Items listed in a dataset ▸
================
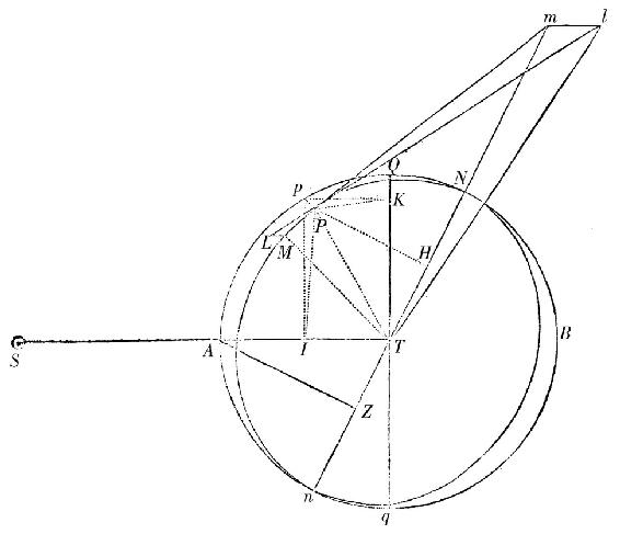 现在指定PM为一段弧,它由月球在给定的极短的时间画出,且ML为一条短线,在相同的时间月球在施加所说的力3IT的情况下能画出它的一半。连结PL,MP并延长它们至m和l,在那里它们与黄道的平面相截;又在Tm上落下垂线PH。又,因为直线ML平行于黄道的平面;且因此,由于直线ml位于那个平面上,它们不可能相交,然而这两条直线位于一个共同的平面LMPml上;这些直线平行,且由此三角形LMP,lmP相似。现在,由于MPm在轨道的平面上,在其上在位置P的月球在运动,Mpm交过那个轨道的交点N,n引的直线Nn于点m。又由于力,由它短线LM的一半被生成,如果整个力同时且一次施加于位置P,将生成那整条直线;并使月球沿其弦为LP的弧运动,因此月球从平面MPmT上被迁移到平面LPlT上;由那个力产生的交点的角运动等于角mTl。但是ml比mP如同ML比MP,且所以,由于MP因为时间的给定而被给定,ml如同矩形ML×mP,亦即,如同矩形IT×mP。又,角mTl,只要角Tml为直角,就如同(ml)/(Tm),且因此如同(IT×Pm)/(Tm),亦即(由于Tm和mP,TP和PH成比例)如同(IT×PH)/(TP),由于TP给定,因此如同ML×PH。但是,如果角Tml,或者角STN是倾斜的,角mTl按照角STN的正弦比半径,或者AZ比AT之比而更小。所以交点的速度如同IT×PH×AZ,或者如同三个角TPI,PTN和STN的正弦之下的容量。
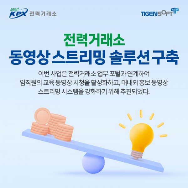 이번 사업은 전력거래소 임직원의 효율적인 동영상 교육 및 대내외 홍보 동영상의 안정적인 동영상 스트리밍 서비스가 가능할 수 있도록 전력거래소 업무 포털과 연계해 교육 동영상 시청 활성화 및 스트리밍 시스템 강화를 목적으로 추진됐으며 이번 사업의 성공적인 구축으로 동영상 콘텐츠의 효율적 관리 및 안정적인 활용성 확대를 기대하고 있다.
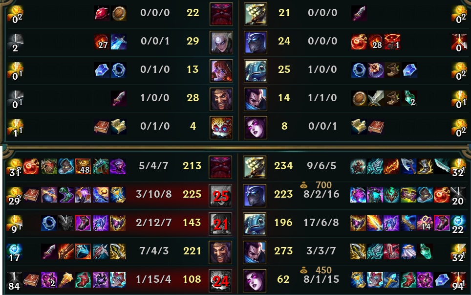 Összességében nézve, farm, kda, sebzés, ha mindent összeadunk én voltam itt a legjobb a csapatomban, úgy overall. Antihealt is egyedül én építettem, bár nem mintha a Kayn ellen hatott volna bármit is. Ilyenkor amúgy sose tudom van-e értelme, mert elméletileg must have építendő ilyen esetekben, de közben meg nem látom, hogy használna.Ezzel egyszerűen nem lehet mit csinálni, hogy mindenki ennyire sokat hal, a Nasus soha nem scalel be, nem farmolnak rendesen, persze enemy topos meg úgy engagel, mintha nem lenne holnap, atom hasznos stb. Ilyenkor több ember helyett kell játszanom, mert az ő hibáik is rajtam csattannak pl. hogy fed enemy ellen kell játszanom, amit nem én okoztam, gold hátrányban vagyunk stb. Yasuo is toxic volt mint állat (mily meglepő), nagyra volt azzal, hogy a Malzát megtudta ölögetni párszor, de ezzel az erővel már utána nem tudott semmi hasznosat csinálni, hülyeségekbe ment bele, feedelt, nem lettünk vele sem előrébb, még splitelni sem volt képes, hogy valami pressuret kialakítson a nagy mellével.
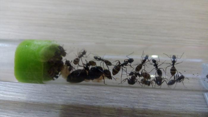 Живы, здоровы. Где-то через месяц после моей последней записи впали в диапаузу, причём сожрав крупных личинок, к сожалению. Поэтому и не писал ничего, т.к. не о чем было. Ну, ещё умерли двое рабочих около месяца назад, т.е. сейчас их 21. Жду когда личинки в рост пойдут. Или хотя бы когда матка начнёт яйца откладывать.
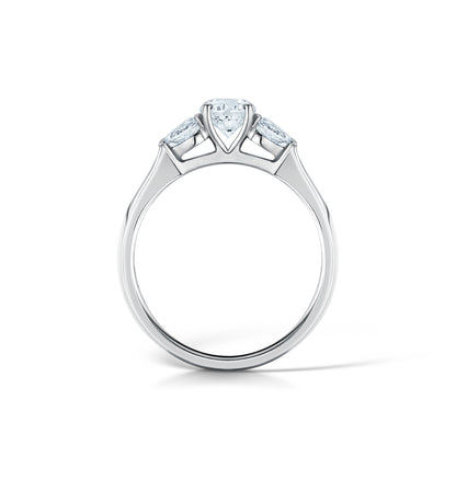 A classic diamond trilogy ring with a round brilliant cut central diamond and elegant teardrop shaped sides. The pear shaped diamonds add the delicate shape to complement the central diamond and taped down the finger.
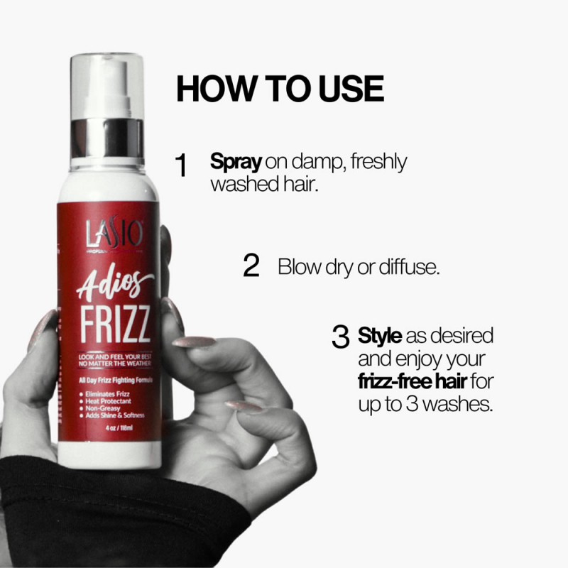 hair. Lasio Adios Frizz Spray is a lightweight, keratin-safe styling spray
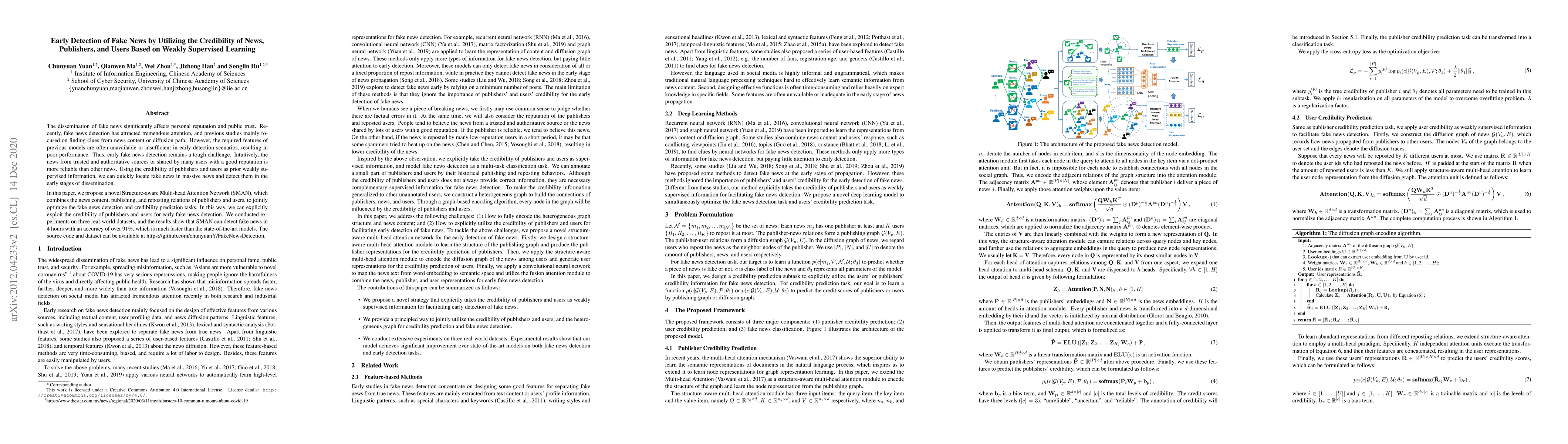 This paper proposes a Structure-aware Multi-head Attention Network (SMAN) to enhance early detection of fake news by leveraging the credibility of news publishers and users as weakly supervised information. Experiments demonstrate SMAN's ability to identify fake news within four hours with over 91% accuracy, outperforming existing models.
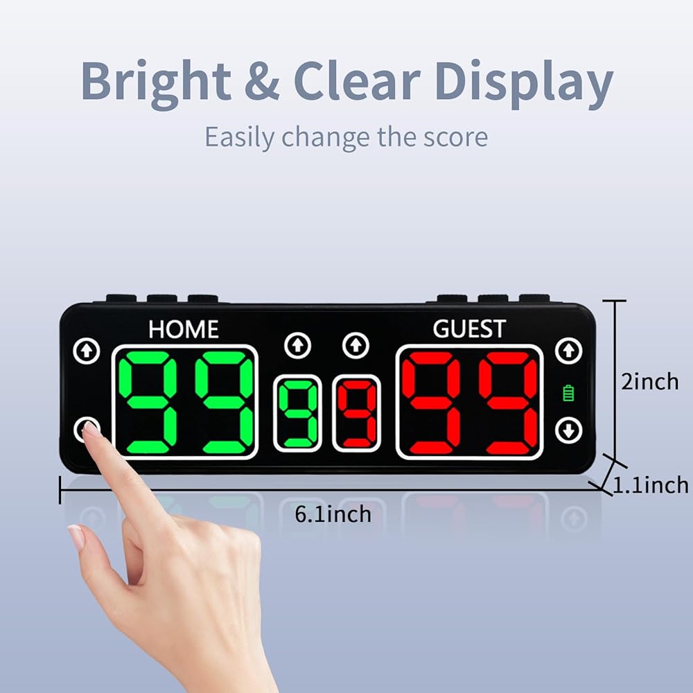【لوحة نتائج محمولة ومغناطيس قوي】: تم تصميم لوحة النتائج الخاصة بنا ليتم حملها بسهولة في حقيبتك أو جيبك، ويمكنك اصطحابها معك إلى الأحداث الرياضية أو المسابقات أو حتى التجمعات غير الرسمية. مع مغناطيس قوي يمكنك وضع لوحة النتائج بسهولة في أي مكان. دون أي مشكلة. عندما تتغير النتيجة، توفر لوحة النتائج تذكيرًا صوتيًا، مما يضمن أن الجميع على علم بتغيير النتيجة. يمكنك ضبط مستوى الصوت ليناسب البيئات والتفضيلات المختلفة.
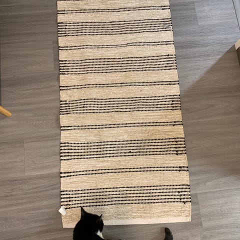 Väriltään vaalea beige. Pesun jäljiltä. Koko n. 79,5 x 149 cm. Lateksipohja, joka on muutamasta kohdasta kuivahtanut ja niistä kohdista irtoaa hienoista putua.
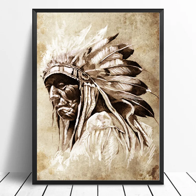 Черно-Золотая портретная картина в американском, индейском стиле, холст, художественные принты, Скандинавская Настенная картина для гостиной, декоративный плакат
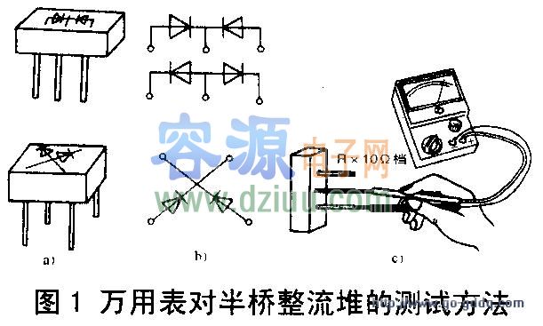 1.半橋的檢測半橋是由兩只整流二極管組成,通過用萬用表分別測量半橋內部的兩只二極管的正、反電阻值是否正常, 判斷出該半橋是否正常。   <<版權聲明:本站內容部分來源于網絡,如侵犯到你的權利請及時與我們聯系更正,聯系QQ:316520686!
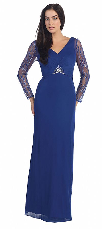 V-Neck Full Sleeves Long Formal Mother of the Bride Dress. Little shirring at bust with rhinestones patch & also shirring at the back. Long mesh patterned sleeves with little flared skirt. V-neck back also with zipper closure. Imported.
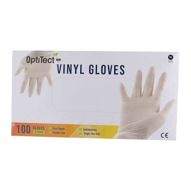 The OptiTect Powder-Free Vinyl Glove Extra-Large White comes in a pack of 100 gloves.
================
Problem to solve ▸ For each entry, repeat its text exactly and leave out any picture it holds.

Exercise result ▸
 现在指定PM为一段弧,它由月球在给定的极短的时间画出,且ML为一条短线,在相同的时间月球在施加所说的力3IT的情况下能画出它的一半。连结PL,MP并延长它们至m和l,在那里它们与黄道的平面相截;又在Tm上落下垂线PH。又,因为直线ML平行于黄道的平面;且因此,由于直线ml位于那个平面上,它们不可能相交,然而这两条直线位于一个共同的平面LMPml上;这些直线平行,且由此三角形LMP,lmP相似。现在,由于MPm在轨道的平面上,在其上在位置P的月球在运动,Mpm交过那个轨道的交点N,n引的直线Nn于点m。又由于力,由它短线LM的一半被生成,如果整个力同时且一次施加于位置P,将生成那整条直线;并使月球沿其弦为LP的弧运动,因此月球从平面MPmT上被迁移到平面LPlT上;由那个力产生的交点的角运动等于角mTl。但是ml比mP如同ML比MP,且所以,由于MP因为时间的给定而被给定,ml如同矩形ML×mP,亦即,如同矩形IT×mP。又,角mTl,只要角Tml为直角,就如同(ml)/(Tm),且因此如同(IT×Pm)/(Tm),亦即(由于Tm和mP,TP和PH成比例)如同(IT×PH)/(TP),由于TP给定,因此如同ML×PH。但是,如果角Tml,或者角STN是倾斜的,角mTl按照角STN的正弦比半径,或者AZ比AT之比而更小。所以交点的速度如同IT×PH×AZ,或者如同三个角TPI,PTN和STN的正弦之下的容量。
 이번 사업은 전력거래소 임직원의 효율적인 동영상 교육 및 대내외 홍보 동영상의 안정적인 동영상 스트리밍 서비스가 가능할 수 있도록 전력거래소 업무 포털과 연계해 교육 동영상 시청 활성화 및 스트리밍 시스템 강화를 목적으로 추진됐으며 이번 사업의 성공적인 구축으로 동영상 콘텐츠의 효율적 관리 및 안정적인 활용성 확대를 기대하고 있다.
 Összességében nézve, farm, kda, sebzés, ha mindent összeadunk én voltam itt a legjobb a csapatomban, úgy overall. Antihealt is egyedül én építettem, bár nem mintha a Kayn ellen hatott volna bármit is. Ilyenkor amúgy sose tudom van-e értelme, mert elméletileg must have építendő ilyen esetekben, de közben meg nem látom, hogy használna.Ezzel egyszerűen nem lehet mit csinálni, hogy mindenki ennyire sokat hal, a Nasus soha nem scalel be, nem farmolnak rendesen, persze enemy topos meg úgy engagel, mintha nem lenne holnap, atom hasznos stb. Ilyenkor több ember helyett kell játszanom, mert az ő hibáik is rajtam csattannak pl. hogy fed enemy ellen kell játszanom, amit nem én okoztam, gold hátrányban vagyunk stb. Yasuo is toxic volt mint állat (mily meglepő), nagyra volt azzal, hogy a Malzát megtudta ölögetni párszor, de ezzel az erővel már utána nem tudott semmi hasznosat csinálni, hülyeségekbe ment bele, feedelt, nem lettünk vele sem előrébb, még splitelni sem volt képes, hogy valami pressuret kialakítson a nagy mellével.
 Живы, здоровы. Где-то через месяц после моей последней записи впали в диапаузу, причём сожрав крупных личинок, к сожалению. Поэтому и не писал ничего, т.к. не о чем было. Ну, ещё умерли двое рабочих около месяца назад, т.е. сейчас их 21. Жду когда личинки в рост пойдут. Или хотя бы когда матка начнёт яйца откладывать.
 A classic diamond trilogy ring with a round brilliant cut central diamond and elegant teardrop shaped sides. The pear shaped diamonds add the delicate shape to complement the central diamond and taped down the finger.
 hair. Lasio Adios Frizz Spray is a lightweight, keratin-safe styling spray
 This paper proposes a Structure-aware Multi-head Attention Network (SMAN) to enhance early detection of fake news by leveraging the credibility of news publishers and users as weakly supervised information. Experiments demonstrate SMAN's ability to identify fake news within four hours with over 91% accuracy, outperforming existing models.
【لوحة نتائج محمولة ومغناطيس قوي】: تم تصميم لوحة النتائج الخاصة بنا ليتم حملها بسهولة في حقيبتك أو جيبك، ويمكنك اصطحابها معك إلى الأحداث الرياضية أو المسابقات أو حتى التجمعات غير الرسمية. مع مغناطيس قوي يمكنك وضع لوحة النتائج بسهولة في أي مكان. دون أي مشكلة. عندما تتغير النتيجة، توفر لوحة النتائج تذكيرًا صوتيًا، مما يضمن أن الجميع على علم بتغيير النتيجة. يمكنك ضبط مستوى الصوت ليناسب البيئات والتفضيلات المختلفة.
 Väriltään vaalea beige. Pesun jäljiltä. Koko n. 79,5 x 149 cm. Lateksipohja, joka on muutamasta kohdasta kuivahtanut ja niistä kohdista irtoaa hienoista putua.
 Черно-Золотая портретная картина в американском, индейском стиле, холст, художественные принты, Скандинавская Настенная картина для гостиной, декоративный плакат
 1.半橋的檢測半橋是由兩只整流二極管組成,通過用萬用表分別測量半橋內部的兩只二極管的正、反電阻值是否正常, 判斷出該半橋是否正常。   <<版權聲明:本站內容部分來源于網絡,如侵犯到你的權利請及時與我們聯系更正,聯系QQ:316520686!
 V-Neck Full Sleeves Long Formal Mother of the Bride Dress. Little shirring at bust with rhinestones patch & also shirring at the back. Long mesh patterned sleeves with little flared skirt. V-neck back also with zipper closure. Imported.
 The OptiTect Powder-Free Vinyl Glove Extra-Large White comes in a pack of 100 gloves.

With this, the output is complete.